EleanorLemon · 08/03/2010 14:43

we're having a registry office bit and then this other ceremony. the registry office bit is taking place a week before, and then we'll have our hen night/stag do that night and then have our 'proper' ceremony a week later. I liked the idea of getting all the boring legal stuff out of the way so the wedding can just be a big party

I was worried in case there was some kind of EXTREME hayfever where you stop breathing or something but the in-laws dont seem to have that, they're just really snotty and moany.
funnily enough, it's just MIL and SIL who have the problem, BIL and DP [who are very close] just keep laughing at them to 'man up' which i think bodes well for future hypochondriac scenarios!

i dont want this to be the start of a long list of things i've done wrong though, torturing them at my wedding!

OP posts:
interestinglino · 08/03/2010 14:44

If you're getting married next June, that'll give them plenty of time to sort out suitable antihistamines, if it's that big a problem for them.

addictedtomn · 08/03/2010 14:44

orm thats right i wanted to get married in my parents garden and we were told it has to be open to anyone else to use it.

we wee also told off the record that if we didnt advertis it as a wedding venue not many people would know about it and also if someone asked as long as we could prove it was 'booked' then it was fine i didnt end up licenceing it.

they are being very unreasonable, you have your wedding where ever you want it, they will just have to get over them selves. if you were to have it in a church or other venue the chances were that there would be gardens they would have to walk through and as its a summer wedding i assume that even if you got married indoors you would want out door photos.

very unreasonable of them

JaneS · 08/03/2010 14:45

YANBU. Obviously. But, to be practical, can you ask your MIL what exactly she's worried about? Plenty of plants wouldn't bother most hayfever sufferers - June is prime time for roses and I've never heard of anyone finding them a problem. Maybe your MIL could be talked into seeing reason.

blonde36er · 08/03/2010 14:46

You can get round the 'outside' part of the requirements if you get married under something like a bandstand or a gazebo (a metal one with a domed roof or something, not a plastic one that is thrown up in the garden in summer though) - some people we know did this a couple of years ago at a fancy hotel

But in England, if you want to marry at home then you'd need to be licenced for all and sundry to marry there as well if they wanted!
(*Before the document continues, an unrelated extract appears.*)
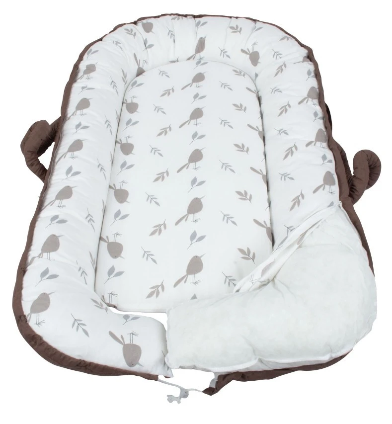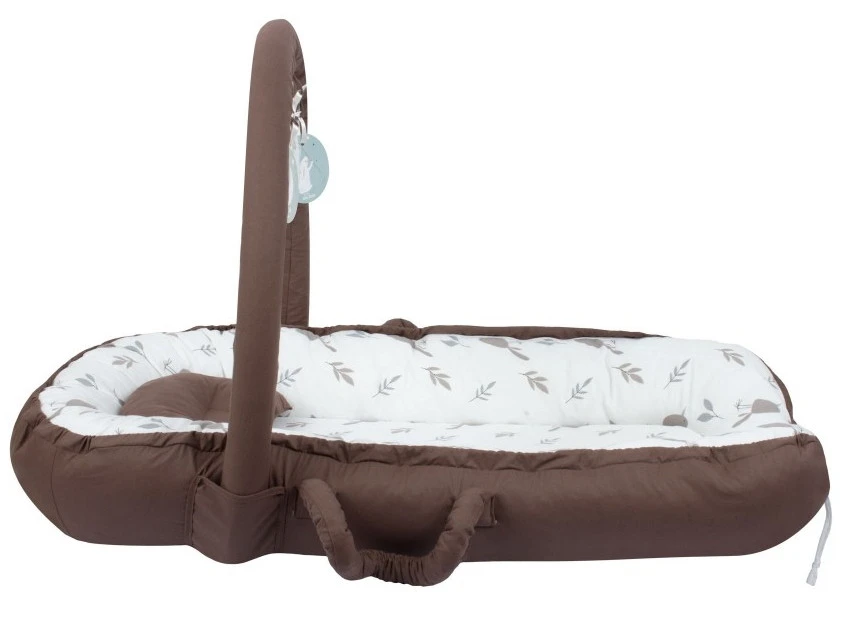 Het nestje heeft een ergonomische vorm en een extra hoofdkussentje. Je kleine zal zich niet snel vervelen, hij is namelijk voorzien van een speelboog met drie schattige kaartjes. Uiteraard is het ook mogelijk om andere speelgoedjes (niet inbegrepen) te bevestigen aan de speelboog. Tevens heeft hij een ruim muskietennet, dat je kindje beschermt tegen insecten. De hoes is gemaakt van 100% katoen en is afneembaar zodat je hem kunt wassen.

youremindmeofthebabe · 08/03/2010 14:52

YANBU.

They sound a teensy bit weird.

Ivykaty44 · 08/03/2010 14:54

an outfit with glasses will help

But most weddings have lowers inside so doubt it iwll make an difference.

i take it your not in England and Wales?

EleanorLemon · 08/03/2010 14:54

she's just fussing about the whole thing, ceremony/reception being outdoors. my mum's garden is very large with plenty of grass as well as the flowers.

franke- i never thought of that. it's not like my mum is head organiser or anything, she's just offering up her garden/house for guests. which is very generous of her and if MIL had a big enough garden and offered then we'd have no problems with doing it in hers!

didn't really want to get the garden licensed because of the above reasons. and also, i dont see why you shouldn't be able to get married whereever you like, like in scotland!

OP posts:
PSCMUM · 08/03/2010 14:55

#YANBU. they sound like over precious tossers....sure you don't want to rethink not the venue, but the husband choice?

OrmRenewed · 08/03/2010 14:55

I think it sounds lovely. I hope you go ahead regardless. It's quite absurd to say hayfever will stop them attending. Never heard of Piriton?